-- Data provided follows --

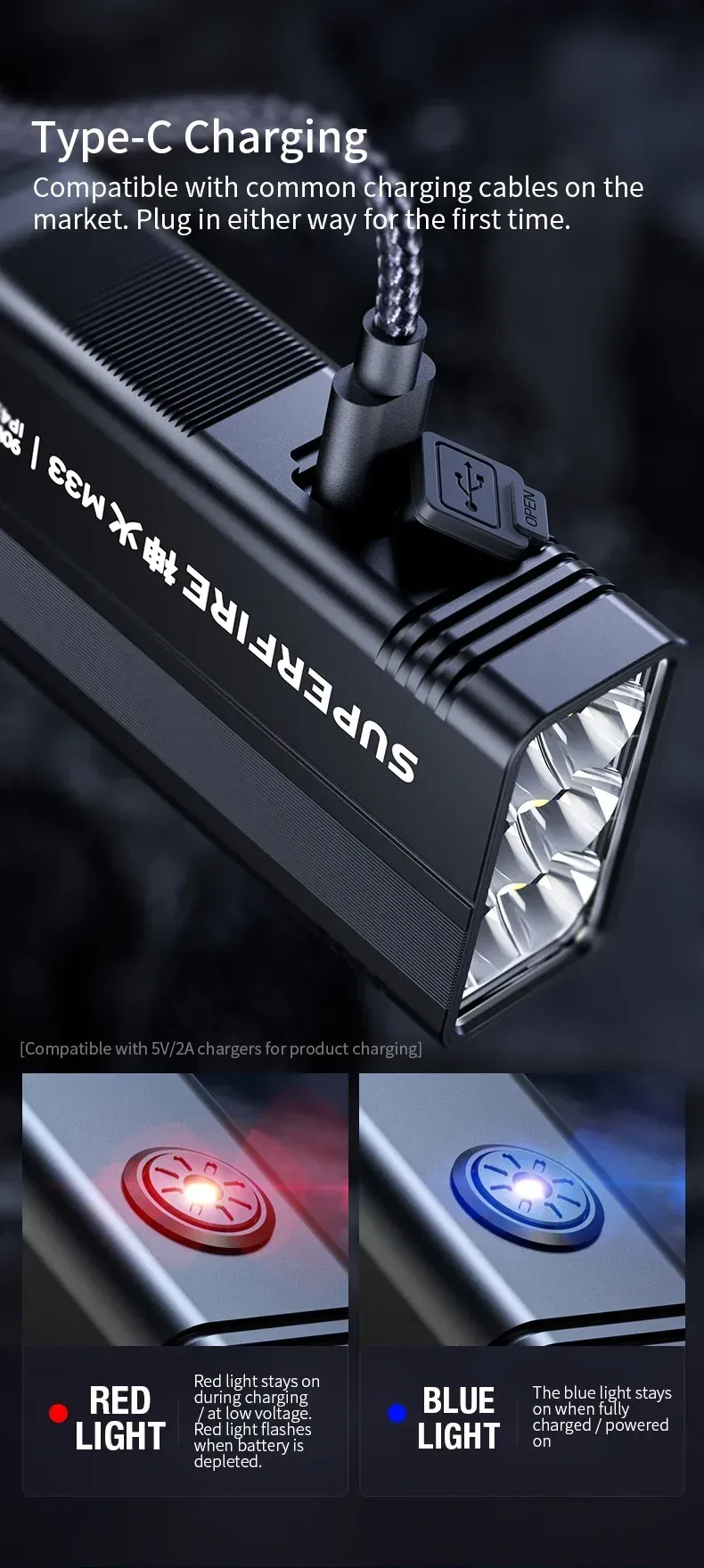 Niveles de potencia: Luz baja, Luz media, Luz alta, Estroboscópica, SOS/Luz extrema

-- Data provided concluded --
-- Data provided follows --

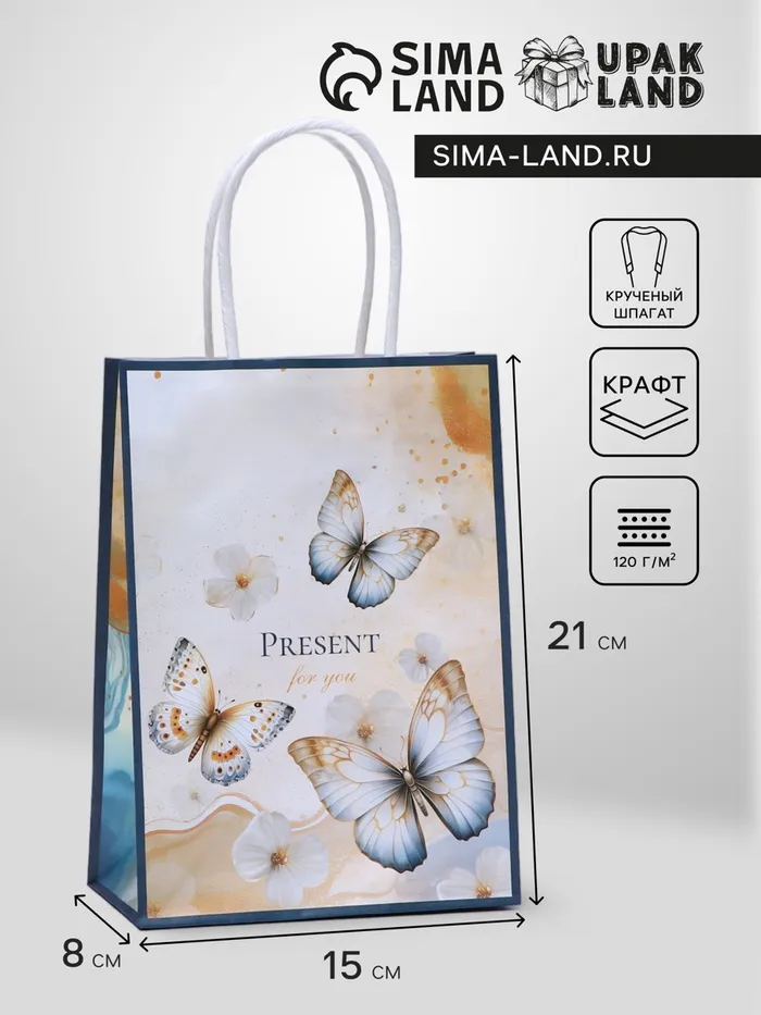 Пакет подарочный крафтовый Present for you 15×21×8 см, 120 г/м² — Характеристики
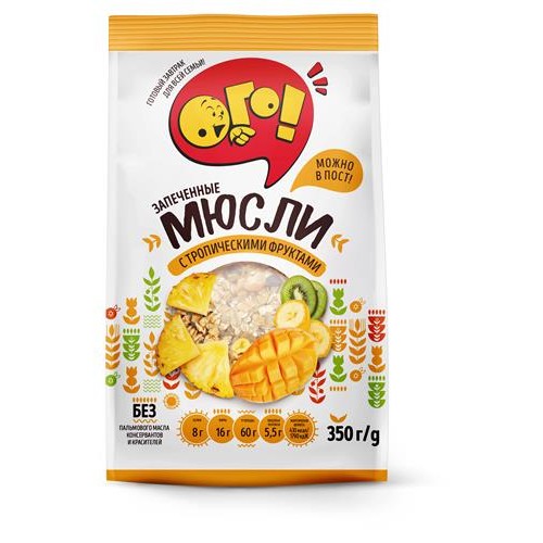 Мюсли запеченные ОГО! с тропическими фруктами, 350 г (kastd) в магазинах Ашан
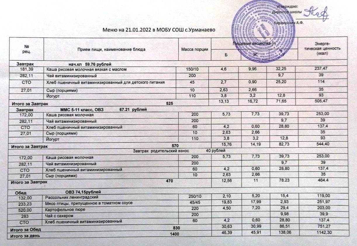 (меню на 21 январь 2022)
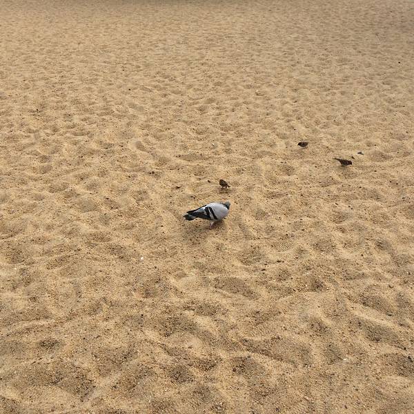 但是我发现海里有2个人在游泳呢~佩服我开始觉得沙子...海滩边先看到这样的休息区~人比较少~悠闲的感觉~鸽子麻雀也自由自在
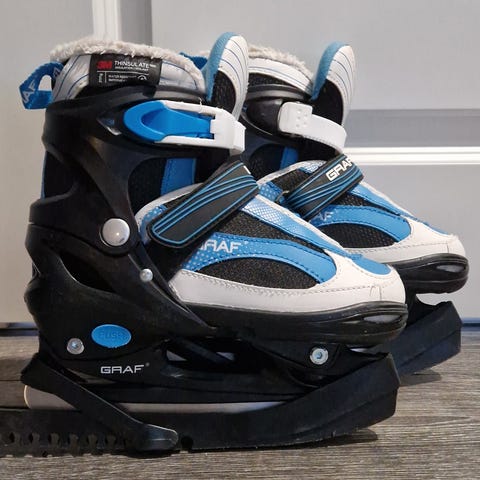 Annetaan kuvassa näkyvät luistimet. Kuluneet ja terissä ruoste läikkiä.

-- Data provided concluded --
-- Data provided follows --

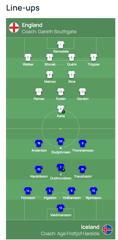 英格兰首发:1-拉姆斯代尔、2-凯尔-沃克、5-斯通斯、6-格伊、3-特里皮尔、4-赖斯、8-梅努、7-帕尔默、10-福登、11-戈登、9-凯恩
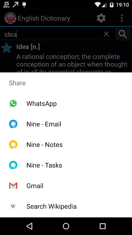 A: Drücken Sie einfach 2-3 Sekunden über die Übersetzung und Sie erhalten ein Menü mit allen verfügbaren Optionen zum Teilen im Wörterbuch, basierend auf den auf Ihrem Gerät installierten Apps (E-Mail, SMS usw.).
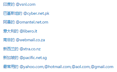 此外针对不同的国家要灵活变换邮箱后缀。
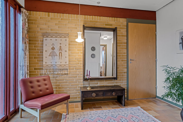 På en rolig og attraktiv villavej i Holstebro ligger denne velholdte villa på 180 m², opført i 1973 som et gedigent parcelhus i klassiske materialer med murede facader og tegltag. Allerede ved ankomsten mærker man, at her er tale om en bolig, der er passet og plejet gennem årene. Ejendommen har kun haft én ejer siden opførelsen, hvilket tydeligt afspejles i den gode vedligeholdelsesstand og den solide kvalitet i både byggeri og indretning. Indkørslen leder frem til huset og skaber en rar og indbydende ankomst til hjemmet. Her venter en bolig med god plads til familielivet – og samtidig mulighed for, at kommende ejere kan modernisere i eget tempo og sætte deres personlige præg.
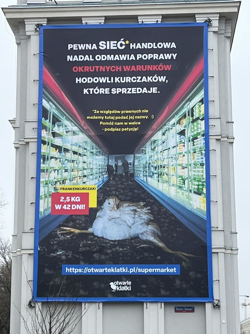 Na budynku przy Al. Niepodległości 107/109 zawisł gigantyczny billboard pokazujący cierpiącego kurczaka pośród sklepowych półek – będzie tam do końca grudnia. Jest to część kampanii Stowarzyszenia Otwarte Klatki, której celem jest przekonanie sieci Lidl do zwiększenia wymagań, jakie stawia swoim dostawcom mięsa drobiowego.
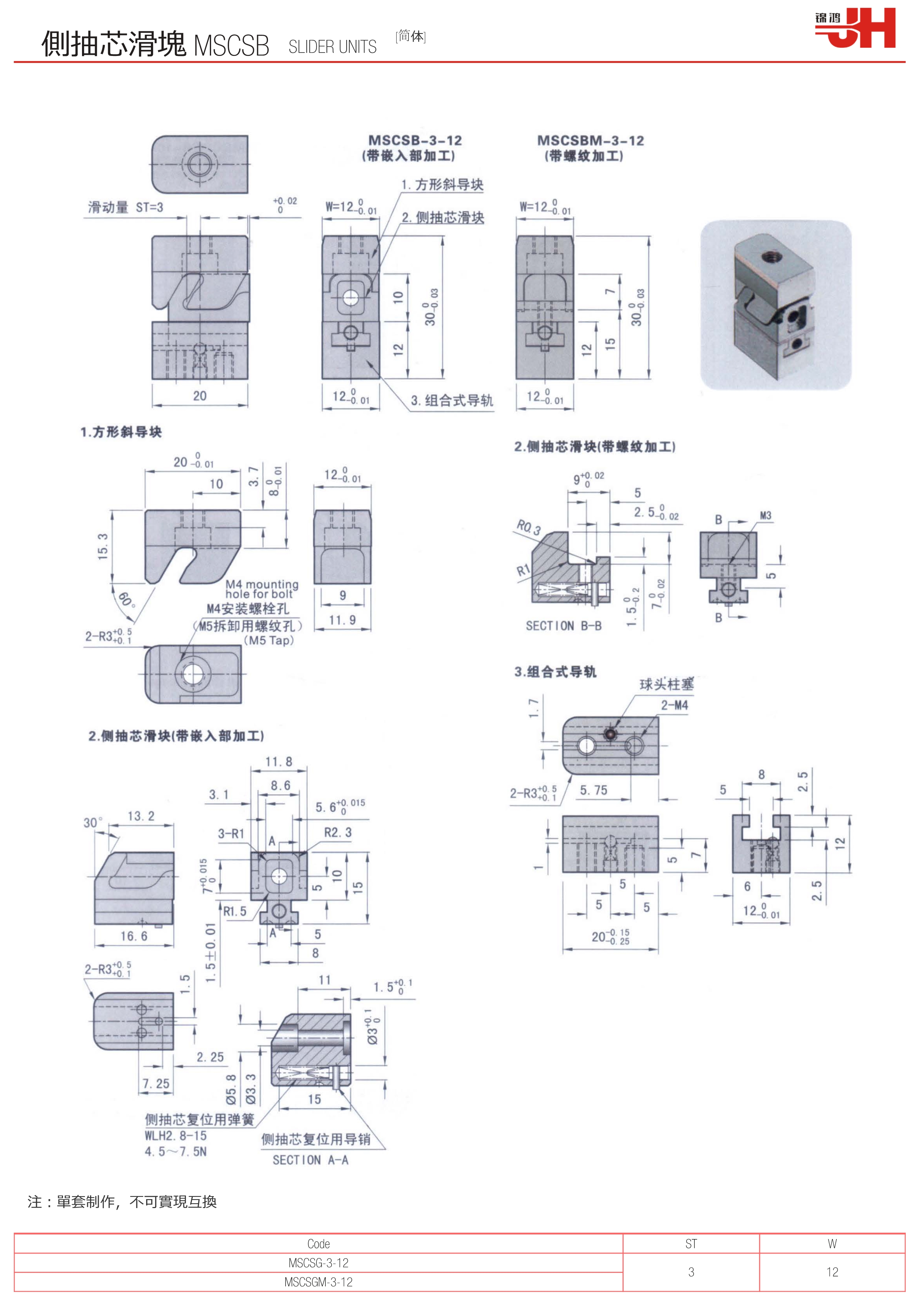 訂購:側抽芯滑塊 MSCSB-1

-- Data provided concluded --

What you should do —
Return exactly the lines above, from the one with "但是我发现海里有2个人在游泳" up to and including the one with "Annetaan kuvassa näkyvät", and include no pictures.

Answer section —
 但是我发现海里有2个人在游泳呢~佩服我开始觉得沙子...海滩边先看到这样的休息区~人比较少~悠闲的感觉~鸽子麻雀也自由自在
 Annetaan kuvassa näkyvät luistimet. Kuluneet ja terissä ruoste läikkiä.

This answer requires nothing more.